Выставка последовательно исследует границы видимости — мы начинаем понимать привычки нашего зрения. Например, в общественных туалетах мы не смотрим на окружающих людей, а видим их только в зеркалах (серия Натальи Ульяновой “WC”), избегаем опускать взгляд на молнии на брюках (работа Евгении Деминой «Слепое пятно»), не замечаем обнаженное постаревшее тело в окружении более молодых (работа Анны Антоновой («Moteru pliazas»).
Есть еще важный слой социальной обусловленности нашего зрения, и тут работа художника гораздо более определенная. Дмитрий Володин («Стрит шот») выстраивает образ фотографа в общественном сознании как тень террориста.
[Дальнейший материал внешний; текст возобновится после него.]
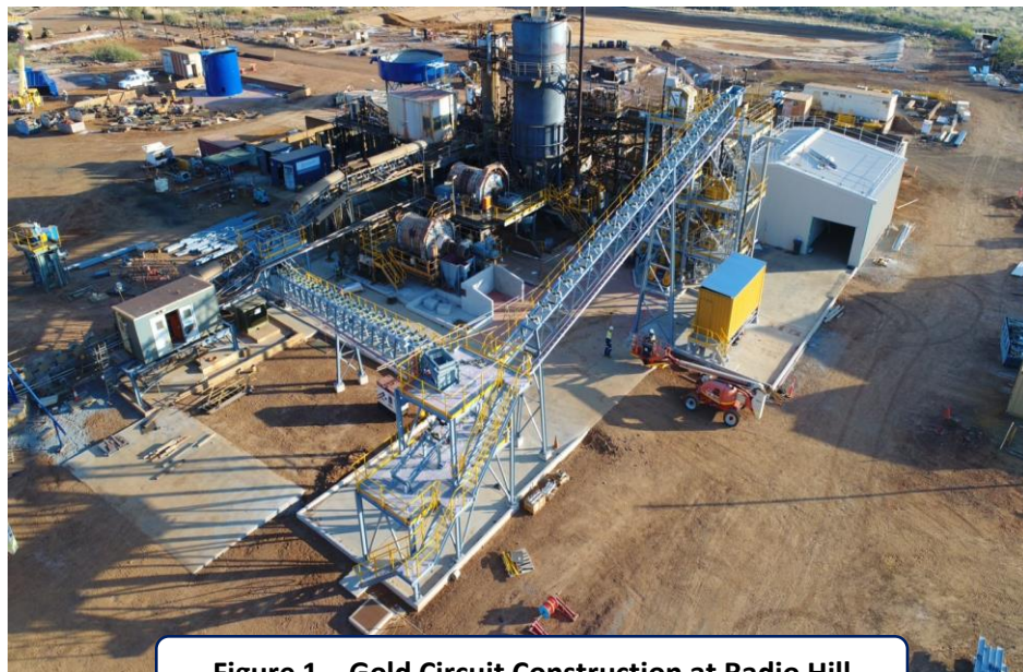
Figure 1 – Gold Circuit Construction at Radio Hill

Artemis Resources Limited (“Artemis” or “the Company”) (ASX: ARV) is pleased to provide this update on construction of the company’s 100% owned Radio Hill process plant.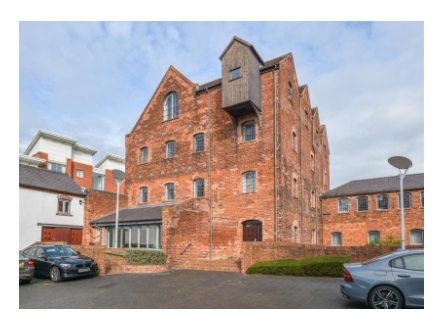
11 The Mill, Albion Street, Wolverhampton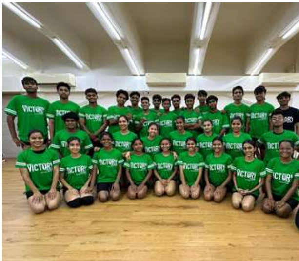
30 Scholarship support received to the students for the academic year 2024-25 by Reliance Foundation

Victory Arts Foundation awarded total 53 scholarships from the academic year of 2023-24 & 2024-25 to the students belonging to the economically disadvantaged sections across India.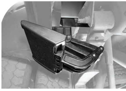
Side mount retracted on 2010 Dodge® Ram dually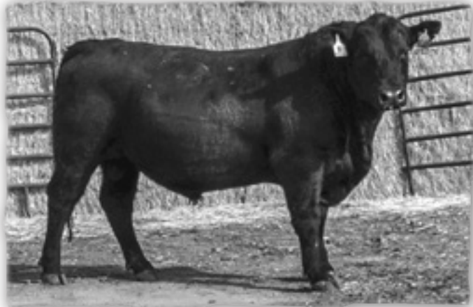
HD Dunn Charlo 7039 - Lot 10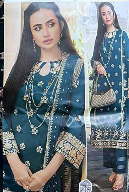
KHUSHBU Vol-7 ZAHA D.N TOP: Faux Georgette with Embroidery BOTTOM-INNER Dull santoon DUPA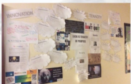
11ANH and 7IMA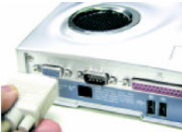
Figure2-4 Connecting an External Monitor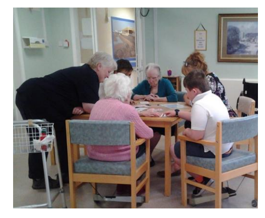
Y Bont Faen Primary pupils - arts and craft sessions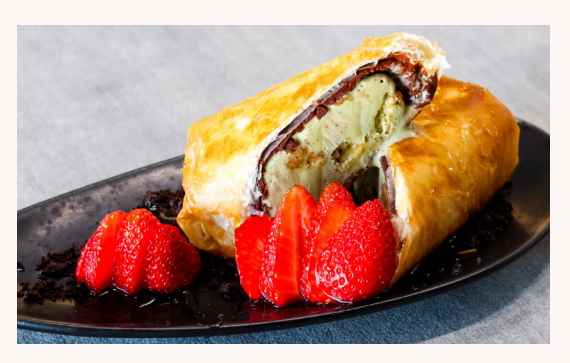
1001 $18.90 Fried Pistachio & Baklava Gelato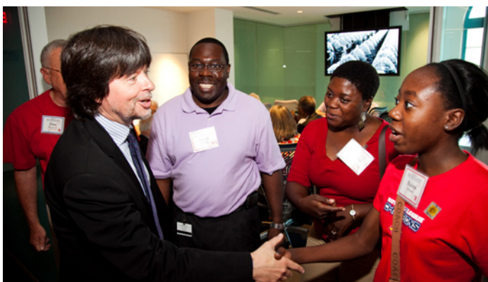
We have had the pleasure of hosting Ken Burns (pictured here greeting guests in 2010) multiple times in our studio.

➤ For nostalgia-loving members and friends, don't miss our video about serving St. Louis for 70 years at ninepbs.org/70.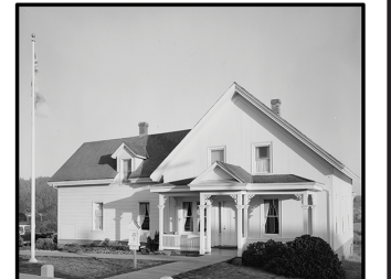
"Ford House Museum" CA HABS CAL: 23-MENC1, 5-1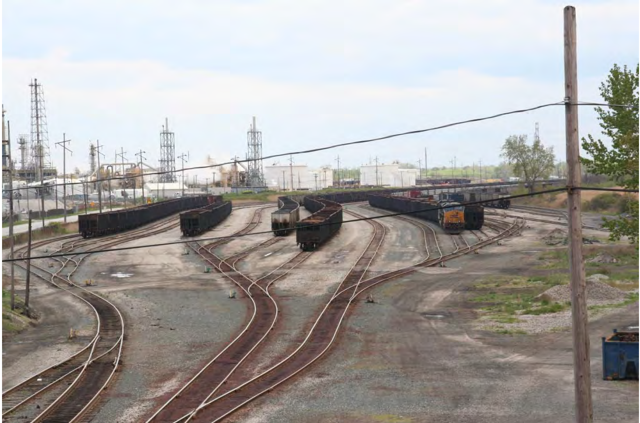
Above and below are views into CSXT's Toledo Docks main holding yard. The tracks to the left serve the ore dock while the tracks right center serve the coal dock.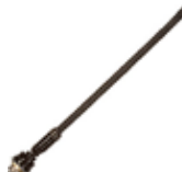
PANA-PACIFIC Adjustable FM Antenna Part Number: PPC00358

Product Features: Allows the user to tune into more AM and FM stations.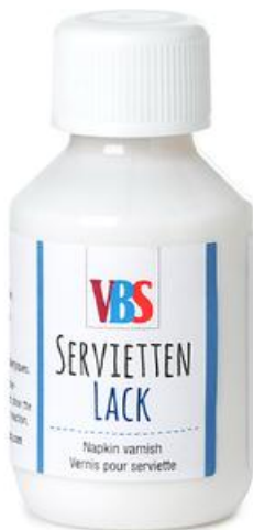
Napkin varnish Glossy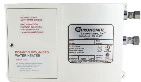
MODEL NO. CM12L/120 104F

ADD A CHRONOMITE® INSTANT-FLOW® C-MICRO POINT-OF-USE THERMOSTATIC TANKLESS WATER HEATER(OPTIONAL)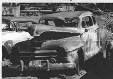
A '46 in the classic "rust" color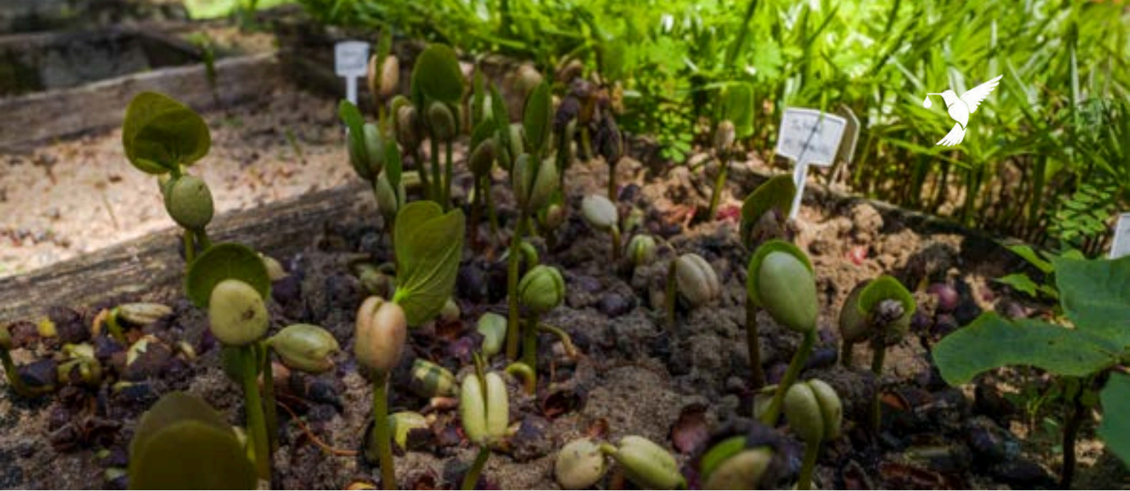
Number of hectares under restoration*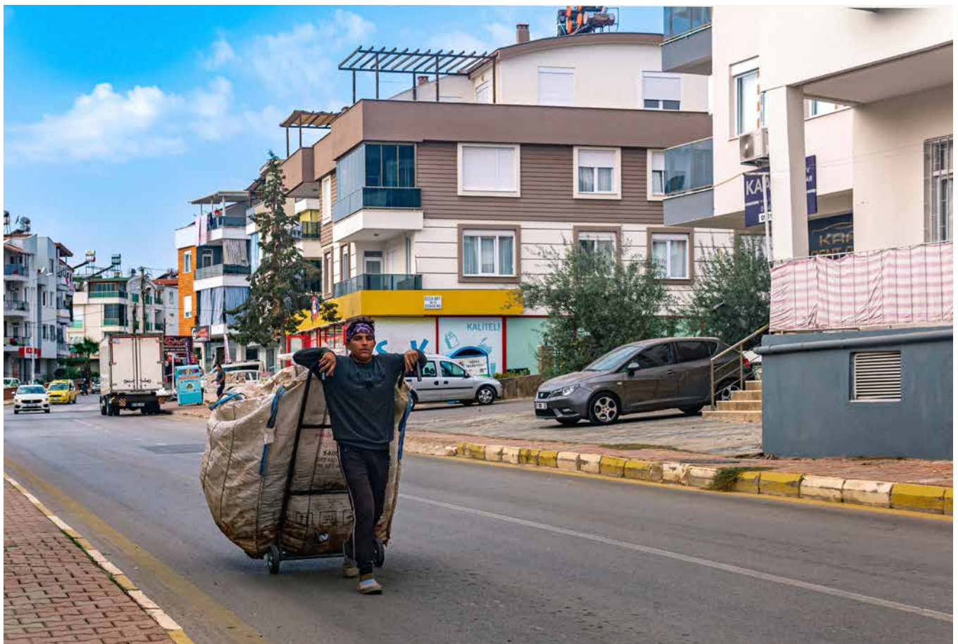
Informal collector of plastic waste and recyclables in a residential area in Antalya, Turkey, 2022.

Refugees and migrants often take on jobs in the informal waste management sector. A study of 1,500 waste pickers and scrap dealers in Abuja, Nigeria found that approximately 56 per cent of them were migrants, and another 24 per cent were refugees from neighbouring countries, such as Chad and Niger (Ogwueleka and Naveen 2021). Another example is Nepal's Kathmandu valley, where waste collectors working with bicycles are exclusively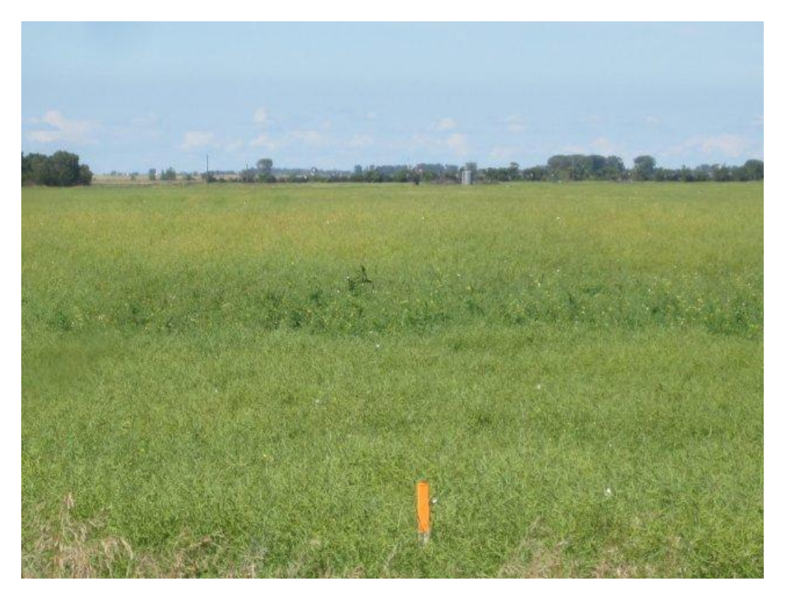
Photoplate 27 - View west on pipeline route in SE 8-2-28 WPM.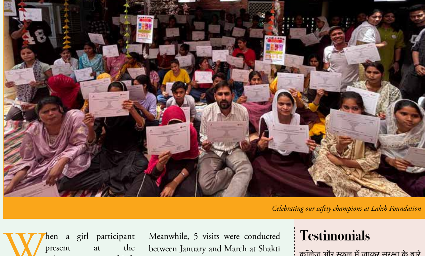
Celebrating our safety champions at Laksh Foundation

When a girl participant present at the culmination event of Safe Spaces Project at Laksh Foundation said, 'लग रहा है जैसे आज सेफ्टी की शिद्दी है', we were amused. Yet it left us wondering, what made her think that. Indeed the event was nothing less than a celebration. There was music, dance, reflections, activities and acknowledgement of the hard work put in by all the adolescents who had been participating in Safe Spaces activities over the last three years. All the efforts of our safety champions were recognised with certificates and badges, even as they pledged actions they will take for their own safety, the safety of their friends and their communities. The highlight of the event was Manzil Mystic's energetic musical performances and the composition built by them and all the safety champions together on safety with a chorus that echoed - सुरक्षा है जरूरी, मलिकर करे पुरी |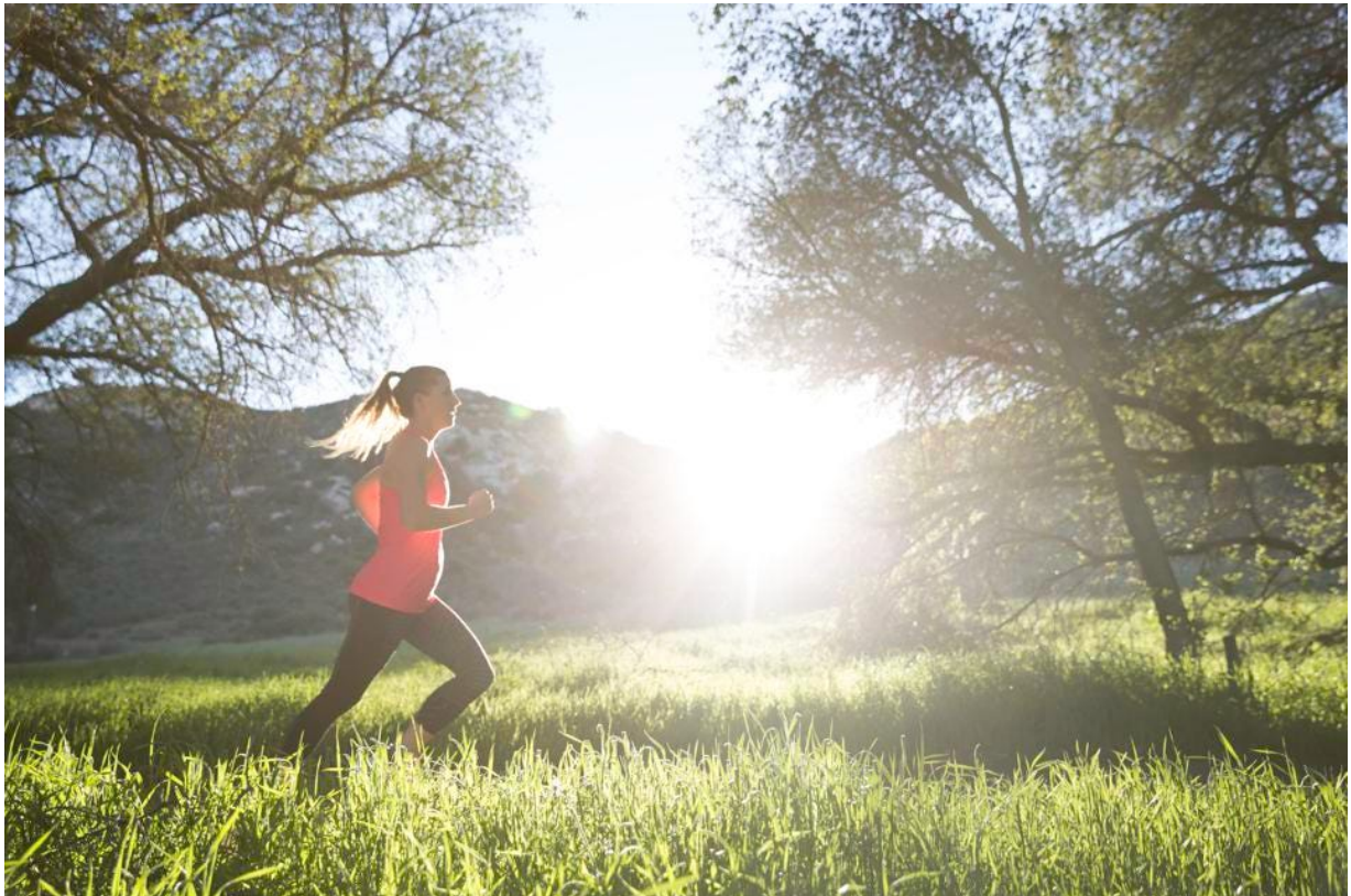
There are a variety of fitness classes and programs. SCOTT DRAPER

You may opt out any time. By signing up for this newsletter, you agree to the Terms and Conditions and Privacy Policy .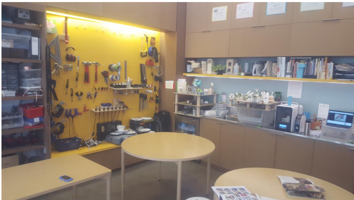
Makerspace at The Blue School - New York City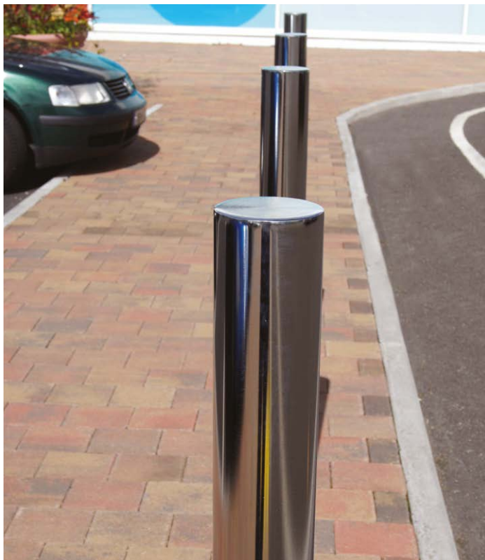
➤ HC2061 Bollard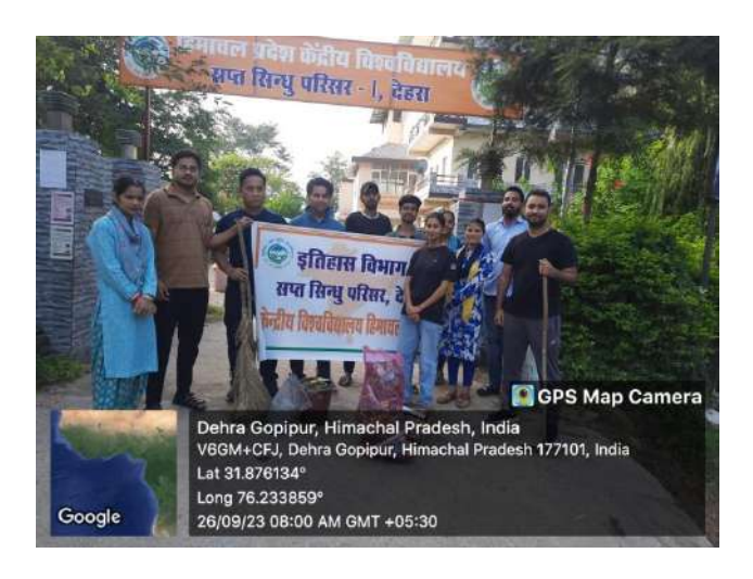
Cleanliness Drive by Department of History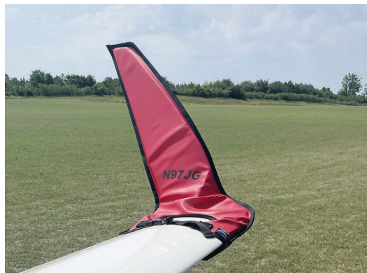
Schempp-Hirth Ventus-2B winglet/wingtip pads

Designed to prevent damage to the wingtip in crowded hangars or high traffic areas, these products are made of bright red Naugahyde and thickly padded with a sandwich of closed cell foam. Protects delicate winglets, casters and their housings, and soft finishes.

Андрей Луфт снимает тех, кто не прошел отборочные туры на телевизионном проекте «Минута славы», Глеб Леонов — собак в московской подземке, Елена Гусева — осиротевших мальчиков в школе-интернате (проект «В пределах детства»).
Молодые художники мобилизуют наше социальное зрение. Они показывают, что зоны видимости — это проблема коллективного зрения, визуального бессознательного, то есть ситуация более фундаментальная, чем законодательная. Художники делают ее видимой.